Die Luftqualität in Europa war 2019 besser als 2018, was ebenfalls zu weniger negativen Gesundheitsauswirkungen führte. Der Rückgang der Luftverschmutzung folgt einem langfristigen Trend, der durch Maßnahmen zur Verringerung der Emissionen und zur Verbesserung der Luftqualität vorangetrieben wird.

Als Teil des europäischen Green Deals setzt der EU-Aktionsplan zur Bekämpfung der Luftverschmutzung das Ziel, die Zahl der vorzeitigen Todesfälle aufgrund von Feinstaubbelastung bis 2030 um mehr als 55 % im Vergleich zu 2005 zu senken. Nach einer Analyse der EUA ist die EU derzeit auf dem besten Weg, dieses Ziel zu erreichen, da die Zahl dieser Todesfälle zwischen 2005 und 2019 um etwa ein Drittel zurückgegangen ist.

  • EUA-Exekutivdirektor Hans Bruyninckx: „Investitionen in sauberere Heizungen, Mobilität, Landwirtschaft und Industrie führen zu besserer Gesundheit, Produktivität und Lebensqualität für alle Europäer und insbesondere für die am meisten gefährdeten Menschen. Diese Investitionen retten Leben und tragen auch dazu bei, den Fortschritt in Richtung Kohlenstoffneutralität und starke biologische Vielfalt zu beschleunigen“.
  • Und der WHO-Regionaldirektor für Europa, Hans Henri P. Kluge: „Saubere Luft zu atmen sollte ein grundlegendes Menschenrecht sein. Es ist eine notwendige Voraussetzung für gesunde und produktive Gesellschaften. Auch wenn sich die Luftqualität in unserer Region in den letzten Jahren verbessert hat, haben wir noch einen weiten Weg vor uns, um die Werte der neuen globalen WHO-Luftgüteleitlinien zu erreichen“, sagte der. „Wir bei der WHO begrüßen die Arbeit der EUA, die uns zeigt, wie viele Leben gerettet werden könnten, wenn die neuen Luftqualitätswerte erreicht würden, und die den politischen Entscheidungsträgern einen soliden Beweis für die dringende Notwendigkeit liefert, diese Gesundheitsbelastung zu bekämpfen.
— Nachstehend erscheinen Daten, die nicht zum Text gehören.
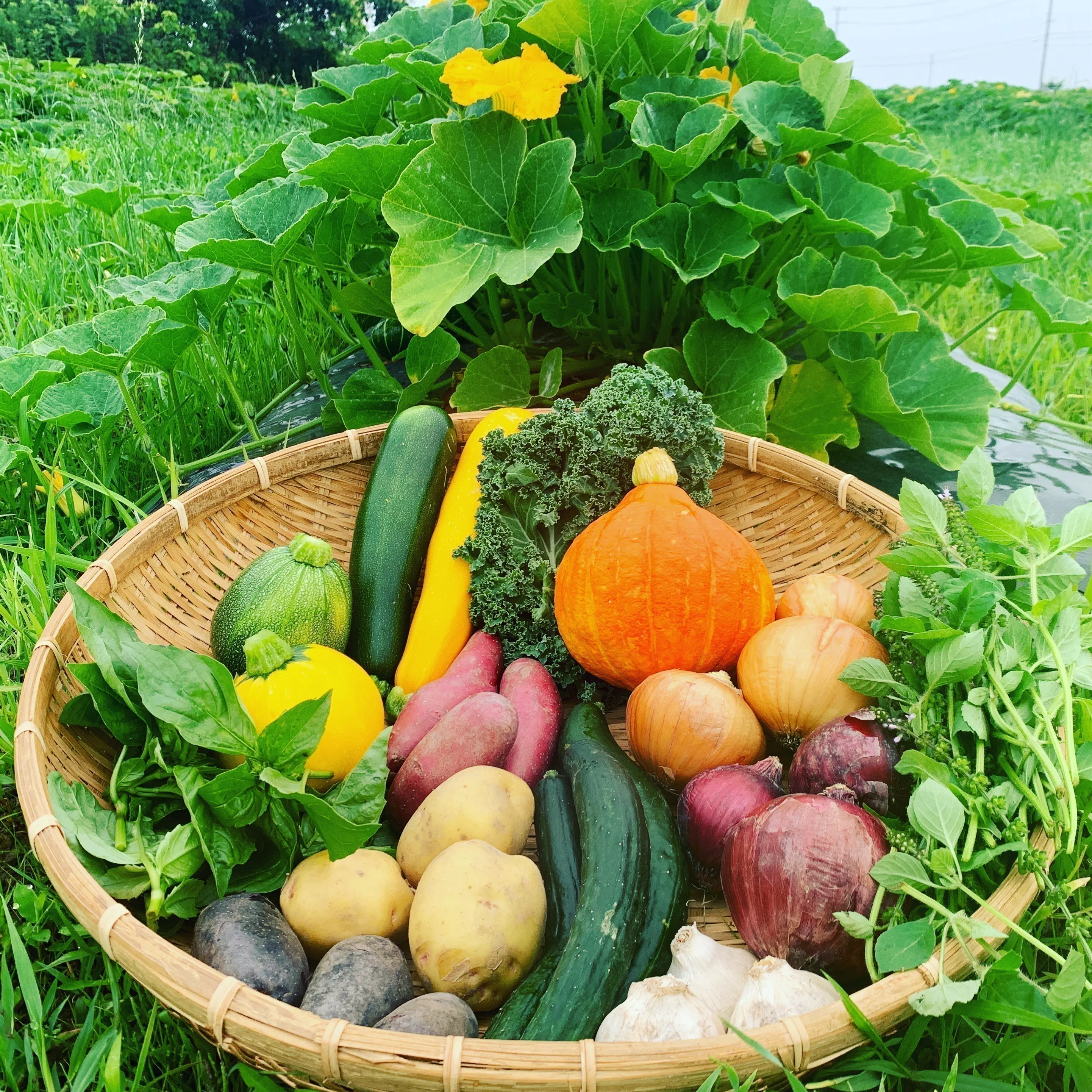 現在、1年間で育てている野菜は約30品目、100種類!こだわりの栽培方法で、サラダでも食べれるカリーノケール茎を食べるブロッコリートロっとする白ナス粘りの強い味わいのあるオクラ、など食卓が楽しくなるような色とりどりの野菜づくりを心がけています。

Das EUA-Briefing wurde kurz vor dem EU-Forum für saubere Luft veröffentlicht, das am 18. und 19. November 2021 stattfinden wird. Das Forum bringt Entscheidungsträger, Interessenvertreter und Experten zusammen, um über die Entwicklung und Umsetzung wirksamer europäischer, nationaler und lokaler Maßnahmen, Projekte und Programme zur Luftreinhaltung nachzudenken und über die laufende Überarbeitung der EU-Vorschriften zu informieren, einschließlich ihrer engeren Angleichung an die WHO-Luftqualitätsleitlinien.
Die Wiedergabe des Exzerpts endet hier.